Let's look at the assembler graph:
Assembly graph for conditional operator
The graph is structured similarly to the actual code, because the conditional operator looks simple:"If X, then Y, otherwise Z". If you look at the first pair of arrows above, then the operator is preceded by a comparison
А
with
0F
, which is 15 in the decimal number system. If it is
А
greater than or equal to 15, then the subroutine will output “greater than 15” and will return to the main program. In another case, a comparison
А
with
0A
(1010) will occur . This will continue until the program displays something on the screen and returns.
OOperator selection
The select statement is very similar to the condition statement, only in a select statement one variable or expression is compared with several “cases” (possible equivalences). Let's see the code:
void switchcase () {// select statement int A = 0 + (rand ()% (int) (10-0 + 1)); switch (A) { case 0: printf ("0"); break; case 1: printf ("1"); break; case 2: printf ("2"); break; case 3: printf ("3"); break; case 4: printf ("4"); break; case 5: printf ("5"); break; case 6: printf ("6"); break; case 7: printf ("7"); break; case 8: printf ("8"); break; case 9: printf ("9"); break; case 10: printf ("10"); break; }}
In this function, the variable
А
gets a random value from 0 to 10. It is then
А
compared with several cases using
switch
. If the value
А
is one of the cases, the corresponding number will appear on the screen, and then the operator will exit the selection operator and return to the main program.

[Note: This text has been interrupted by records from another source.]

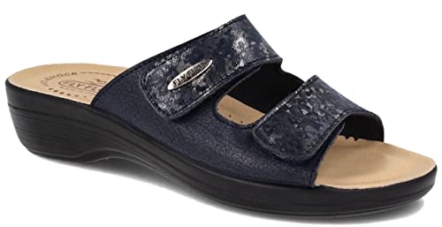 Fly Flot T5B18 VE Blu Ciabatte Pantofole ESTIVE Made in Italy Due Strappi Regolabili, Sottopiede Vera Pelle ANATOMICO, ANTISHOCK, AUTOMODELLANTE, Antiscivolo, Zeppa 4,5 CM
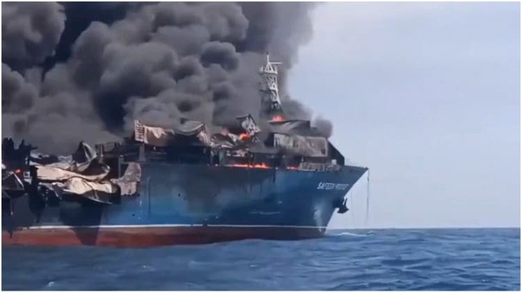 O navă comercială sub pavilion thailandez a fost lovită în timp ce încerca să iasă din Golful Persic, potrivit informațiilor apărute recent. Imaginile surprinse la fața locului arată cum cargoul este cuprins de flăcări, „arzând ca o torță”.
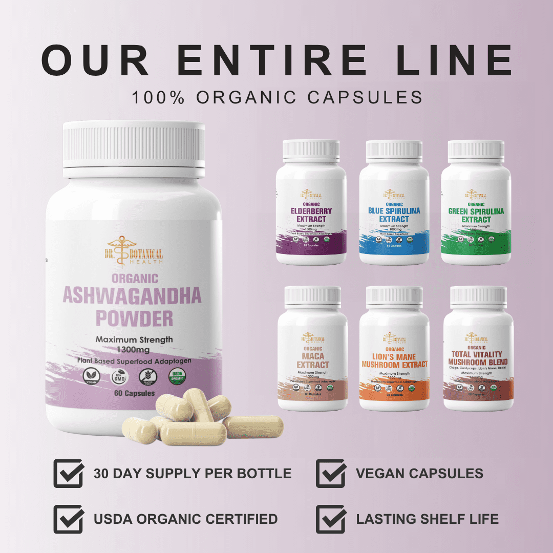 Discover the power of pure, USDA Certified Organic Ashwagandha Capsules! Grown organically and sustainably, our ashwagandha capsules are free from fillers and vegan friendly. Experience the natural power of organic ashwagandha and give your body the support it needs. Each bottle contains a 30 day supply of USDA Organic Ashwagandha capsules. They are the perfect way to enjoy the benefits of ashwagandha in a convenient capsule.
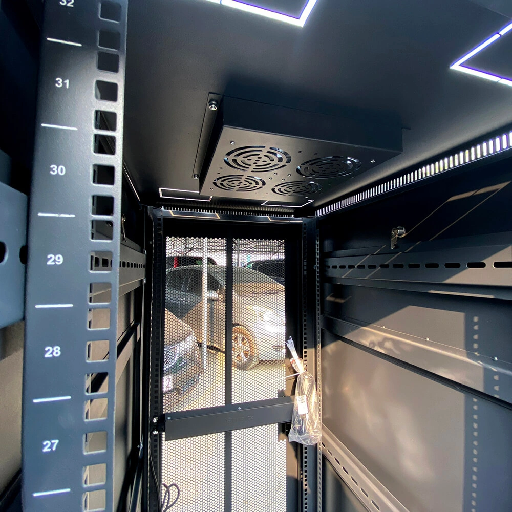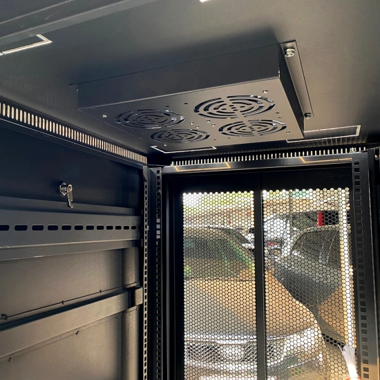 Ngoài ra, Unirack đã tích hợp sẵn hệ thống tản nhiệt mạnh mẽ gồm 4 quạt thông gió (120mm - 20W/220V) được lắp đặt ở đỉnh tủ, giúp đẩy khí nóng ra ngoài liên tục, duy trì nhiệt độ ổn định cho Server.
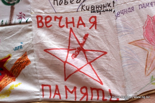 Необычную акцию объявили в СШ № 25, которая находится в районе Узкая колея Костаная. Целый месяц дети, начиная с 3-летних малышей (они занимаются в мини-центре при школе) и заканчивая 10-классниками, с помощью гуаши, фломастеров и аппликаций выражали свое отношение к войне, Дню Победы и миру в целом на лоскутках размером 20х20 см.
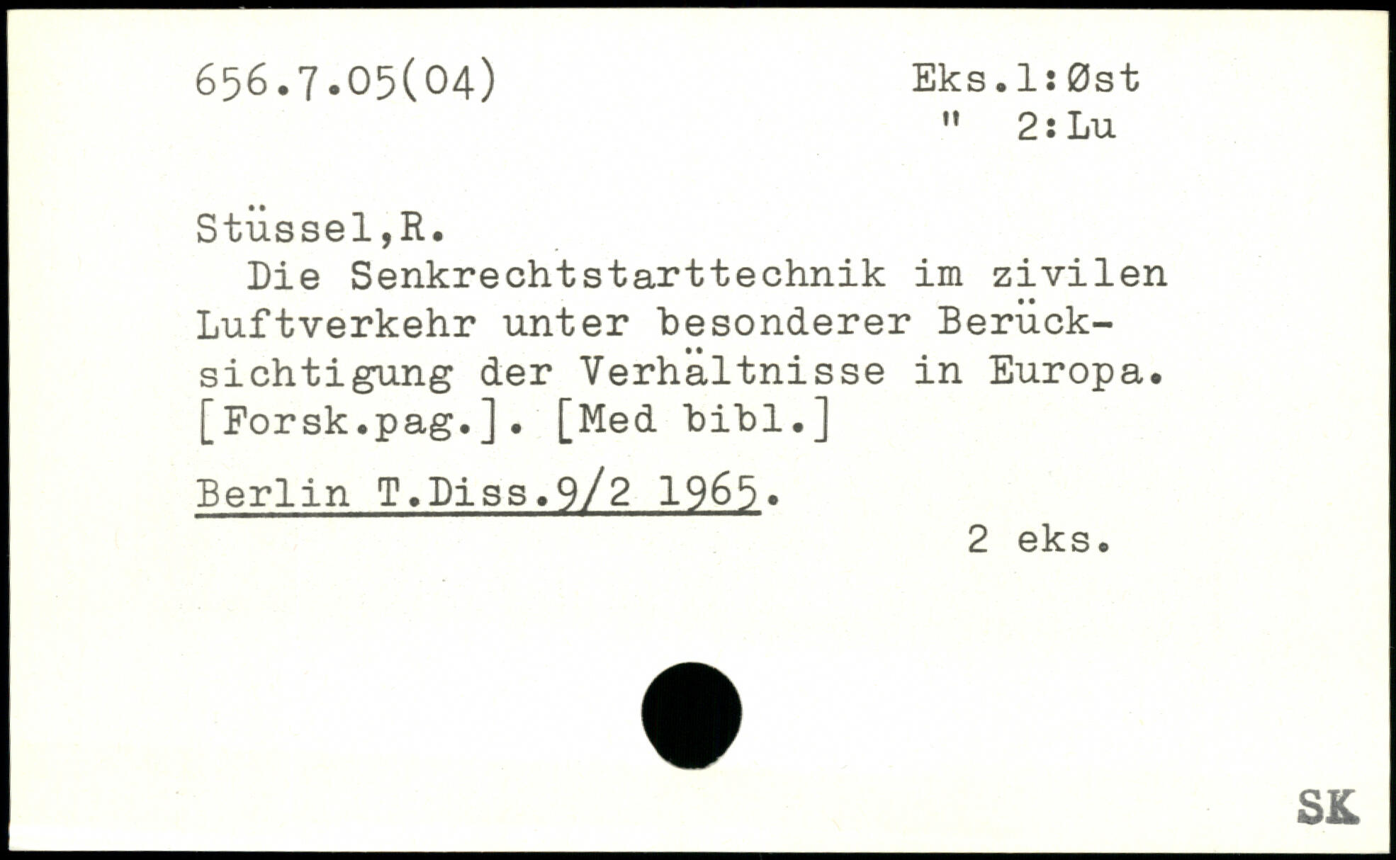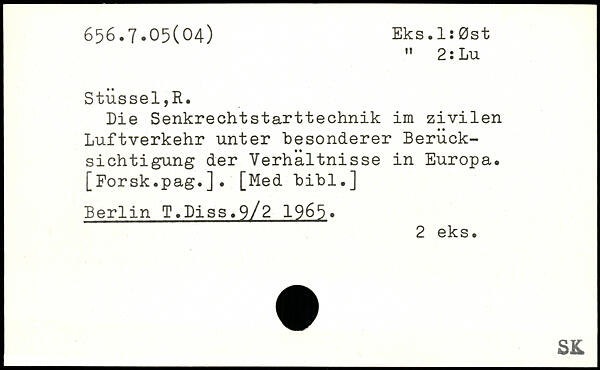 Die Senkrechtstarttechnik im zivilen Luftverkehr unter besonderer Berücksichtigung der Verhältnisse in Europa. [Forsk.pag.]. [Med bibl.] Berlin T.Piss.9/2 1965,
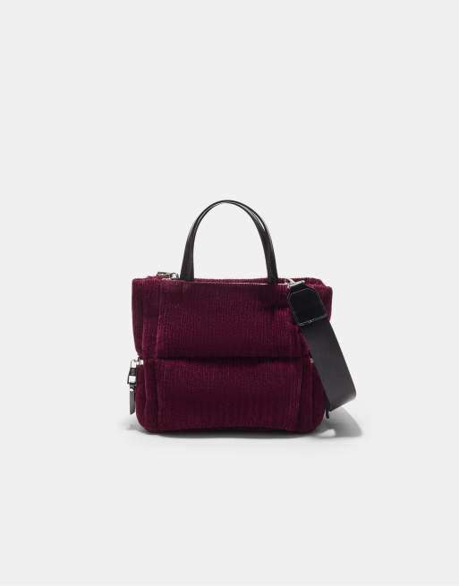 Stradivarius – Gesteppte Umhängetasche aus Cord in Burgunderrot

The choice operator does not follow the rule “If X, then Y, otherwise Z”, unlike the conditional operator. Instead, the program compares the input value with existing cases and performs only the case that matches the input value. Consider the first two blocks in more detail.
The first two blocks of the operator of choice
First, a random number is generated and written to
А
. Now the program initializes the select statement, equating the temporary variable
var_D0
with
А
, then checks that it is equal to at least one of the cases. If
var_D0
a default value is required, the program will follow the green arrow to the final return section from the subroutine. Otherwise, the program will make the transition to the desired one
case
.
If it
var_D0 (A)
is equal to 5, then the code will go to the section shown above, output “5” and then go to the return section.
PUser input
In this section, we will look at user input using a stream
In this function, we simply write the string to the variable of the sentence using the C ++ cin function and then output the sentence using the operator
printf()
.
Let's sort it out in machine code. First, the function
cin
:
cin (C ++)
First, the string variable is initialized
sentence
, then the call
cin
and the entry of the entered data into
sentence
.
C ++ cin function more detailed
First, the program sets the contents of the sentence variable to EAX, then pushes EAX onto the stack, from where the value of the variable will be used as a parameter for the stream
cin
, then the stream operator >> is called. Its output is placed on ECX, which is then pushed onto the stack for the operator
printf()
:
We considered only the basic principles of the software at a low level. Without these fundamentals, it is impossible to understand the work of software and, accordingly, to engage in its research.